• **WORK REQUIRED**
From the line containing "フックタイプはカジュアルな装" to the last line of the data, both included, transcribe each line exactly, leaving out pictures and adding nothing.

• **DATA BELOW**
• • • •

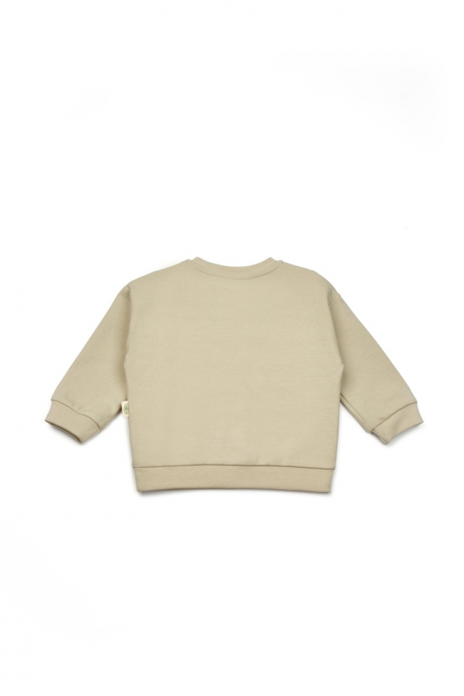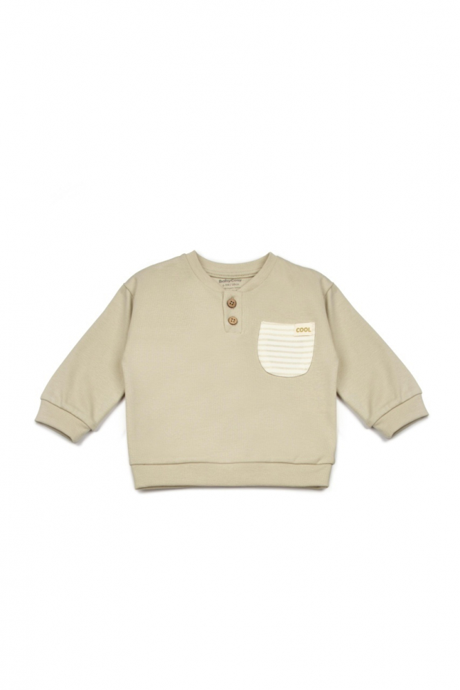 2. Bluza cu maneci lungi, din 100% bumbac are un buzunar cu mesaj la piept. Aceasta se inchide cu 2 nasturasi pentru a putea fi imbracat/dezbracat cat mai usor
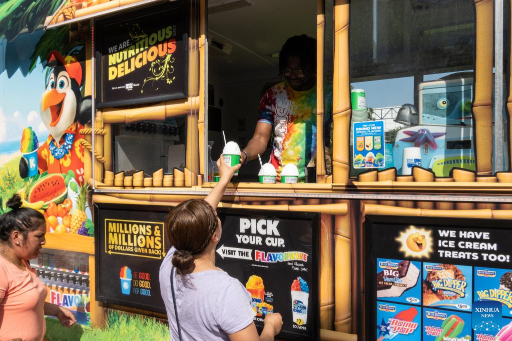 People buy cold drinks at a park in downtown Houston, Texas, United States, on June 15, 2023. From U.S. south central state of Texas to southeastern Florida, about 35 million people are bracing for a widespread heat wave which is expected to last for days, the U.S. National Weather Service (NWS) forecast on Thursday.
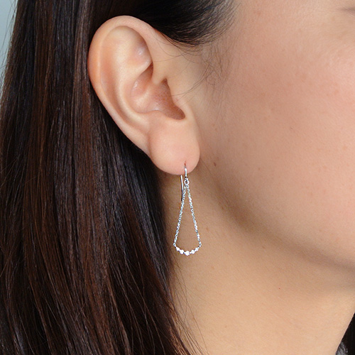 フックタイプはカジュアルな装いにもマッチし、長めのロングチェーンの揺れ感はしなやかさと女性らしい華やかな印象を醸し出してくれます。
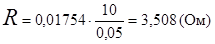 – удельное сопротивление меди (0,01754 мкОм×м),

• • • •

• **WORKED SOLUTION**
 フックタイプはカジュアルな装いにもマッチし、長めのロングチェーンの揺れ感はしなやかさと女性らしい華やかな印象を醸し出してくれます。
 – удельное сопротивление меди (0,01754 мкОм×м),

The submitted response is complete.